Inclusivity is driving force for second candidate to lead KU’s Office of Institutional Opportunity and Access

Commitment to creating an inclusive campus would drive her leadership of Kansas University’s Office of Institutional Opportunity and Access, the second finalist for the job told KU community members Wednesday.

Ebony Calloway-Spencer has worked seven years as an attorney and supervisor for the U.S. Department of Education’s Office for Civil Rights in Atlanta, which oversees universities’ compliance with federal laws prohibiting discrimination. She previously worked for the city of Fort Lauderdale, Fla., and the Florida Office of the Attorney General’s Civil Rights Division.

Calloway-Spencer, who is black, said she grew up with cousins from Latin America and has a biracial husband, a gay brother, and relatives with disabilities. She said she is a survivor of sexual violence.

“I know all of these different worlds,” she said, adding that those experiences inspired her to pursue “opportunities to build bridges between groups” in her career.

Ebony Calloway-Spencer

Calloway-Spencer said her priorities for the Office of Institutional Opportunity and Access, or IOA, would include ensuring students know where to turn if they believe they’ve been discriminated against and that they have confidence the office will investigate promptly and thoroughly.

She said her investigations are based on federal, local and state regulations and that she approaches them as a “neutral fact-finder” — important because many cases the IOA deals with are serious and sensitive.
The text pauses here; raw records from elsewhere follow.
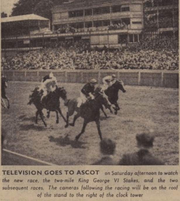 Anyway, fast forward to 1946, and the reopened Television Service is now in a position to start covering horse racing properly. Television had certainly picked a suitably special occasion to cover. The two-mile King George VI Stakes is a racing event at Ascot that continues to this day, and BBC cameras were present for the very first ‘Stakes race in 1946. Or rather, ‘BBC Camera’ – the practice of mounting a camera to a vehicle capable of keeping up with racehorses still hadn’t come to fruition, and so a single BBC camera was affixed to the roof of the main stand, just to the right of the clock tower.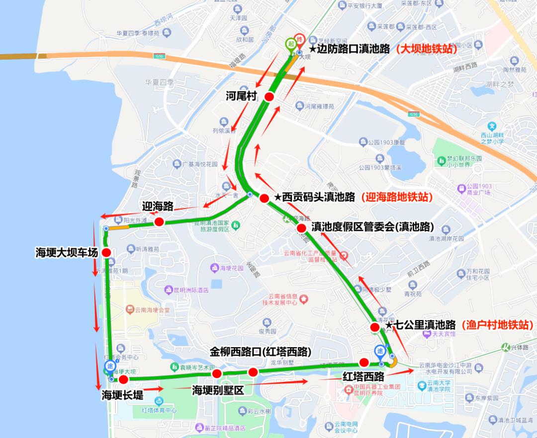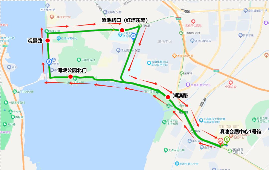 旅游大巴车通行线路统一调整为:驶入:沿滇池路—湖滨路—观景路—红塔西路—右转红塔体育中心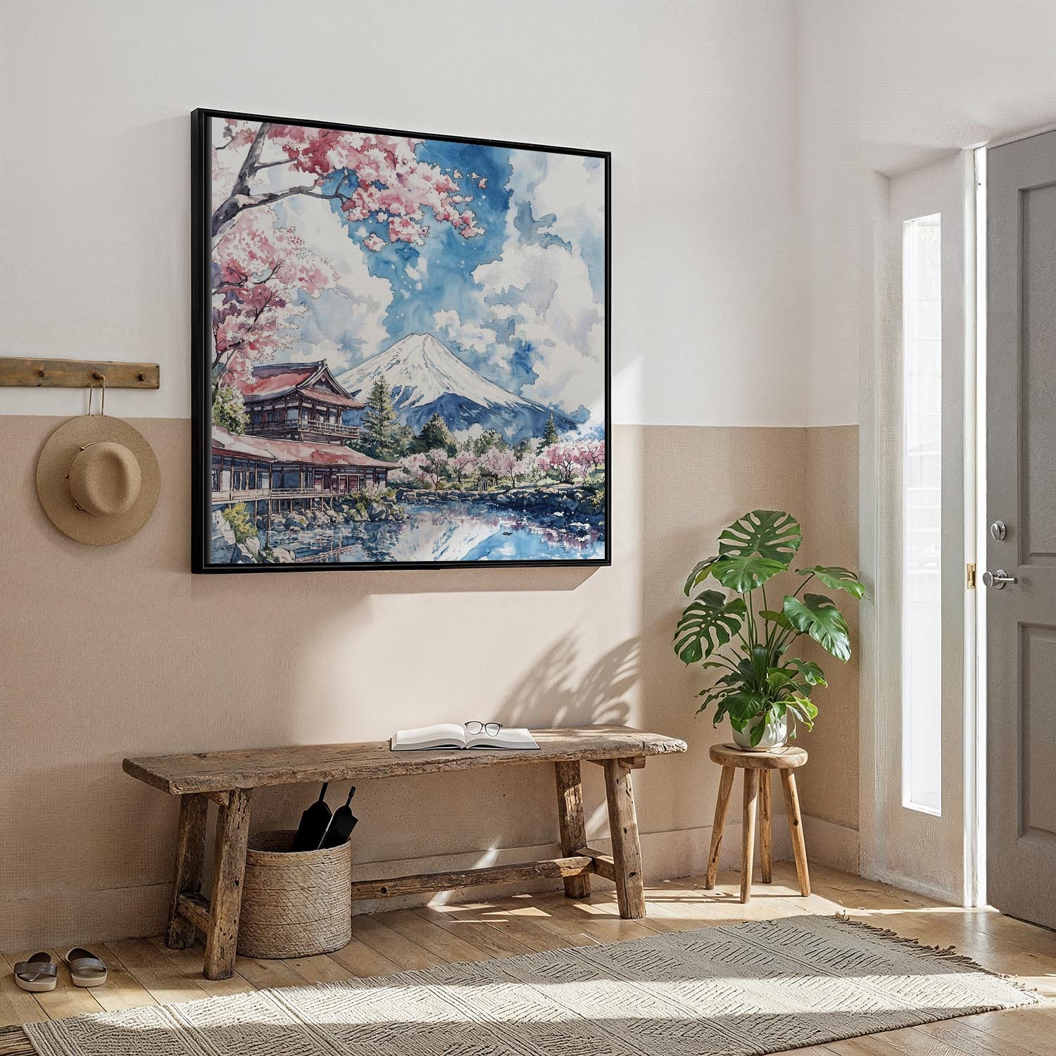 Mount Fuji Square Canvas Print | Japan Cherry Blossoms Artwork in Watercolor Style

“I don’t want this office to feel like it’s a gotcha type agency,” she said. “I want it to be open, warm.”

Calloway-Spencer said training also should be an important role of the office. Many students and employees don’t know the definitions of harassment, she said. Also, laws and legal direction in the area are constantly changing, which means it’s important for staff and university administrators to have continuing training as well.

During her public presentation Wednesday in the Kansas Union, Calloway-Spencer responded to questions about how the IOA should treat complaints from LGBT and graduate students.
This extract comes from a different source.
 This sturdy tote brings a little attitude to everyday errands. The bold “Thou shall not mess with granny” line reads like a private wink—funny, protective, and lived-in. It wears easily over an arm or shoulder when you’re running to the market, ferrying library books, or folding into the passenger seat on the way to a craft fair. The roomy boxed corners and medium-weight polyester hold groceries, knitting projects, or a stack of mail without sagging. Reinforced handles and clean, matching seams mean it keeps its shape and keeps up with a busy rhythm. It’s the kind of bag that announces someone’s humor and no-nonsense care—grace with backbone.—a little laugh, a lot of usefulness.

While Title IX doesn’t currently protect sexual orientation-based discrimination in education, discrimination complaints based on sexual orientation should be addressed, she said. Graduate students’ complaints should be considered, too, she said, although if they are classified as employees under employment law the case might have to be referred to another office.

“There are ways that we can still look at a case,” she said. “I don’t think that it takes a court to tell a university that this is right and this is wrong.”

KU IOA investigates reports of sexual harassment — including sexual violence — and other forms of discrimination on campus. The new IOA director will replace Jane McQueeny, who resigned in October.

The first IOA director candidate, attorney Abigail Byman, director of academic labor relations at California State University, presented on Monday. The third candidate, not yet named, is scheduled to speak at 10 a.m. Tuesday at Alderson Auditorium in the Union.

Calloway-Spencer received her bachelor’s degree in English from Hampton University in Virginia and her law degree from the University of Florida.